Q: Can health care organisations contact individuals in relation to COVID-19 without having prior consent?

A: Yes. Data protection and electronic communication laws do not stop the government, the NHS or any other health professionals from sending public health messages to people, either by phone, text or email, as these messages are not direct marketing. In fact, public bodies may require additional collection and sharing of personal data to protect against serious threats to public health.

Q: What does the EU Data Protection Board (EDPB) say about data protection under the current situation?

A: In its statement the EDPB confirmed that data protection rules (such as the GDPR) do not hinder measures taken in the fight against the coronavirus pandemic. Even in these exceptional times, however, the EDPB reiterated that data controllers must ensure the protection of the personal data of data subjects and take appropriate safeguards. 

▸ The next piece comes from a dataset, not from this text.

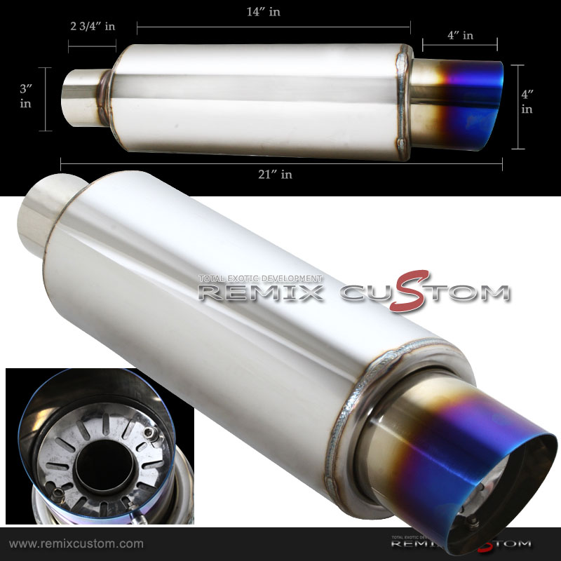 Full T-304 Austenintic Stainless Steel Construction. Designed and constructed to maximize your vehicle's power with this straight through concept. Hi-Power Muffler incorporate a race inspired angled mounted stainless steel muffler and piping design. ULTRA FAST FLOW STRAIGHT THOUGHT DESIGN HIGH GLOSS POLISH FINISH SPORTY DEEP TONE with a smooth & deep sound
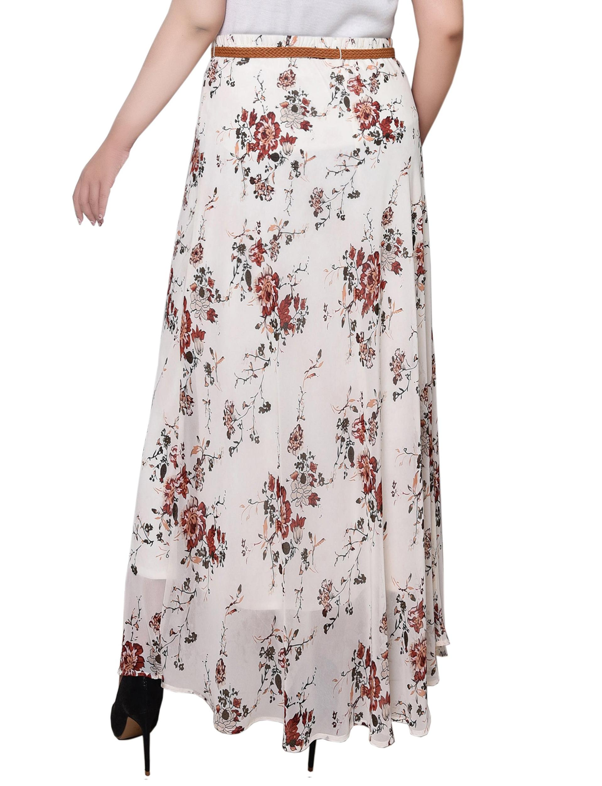 Ivory Floral Chiffon Maxi Skirt - Plus

The EDPB also commented on the processing of electronic communication data (such as mobile location data to carry out contract-tracing) and highlighted that under the ePrivacy Directive (as it is currently implemented by national laws), this can only be done in an anonymous way. However, it added that in certain circumstances, including matters of national and public security, member states are entitled to introduce legislation that would override their existing interpretations of the Directive, as long as they put in place adequate safeguards, such as granting individuals the right to judicial remedy.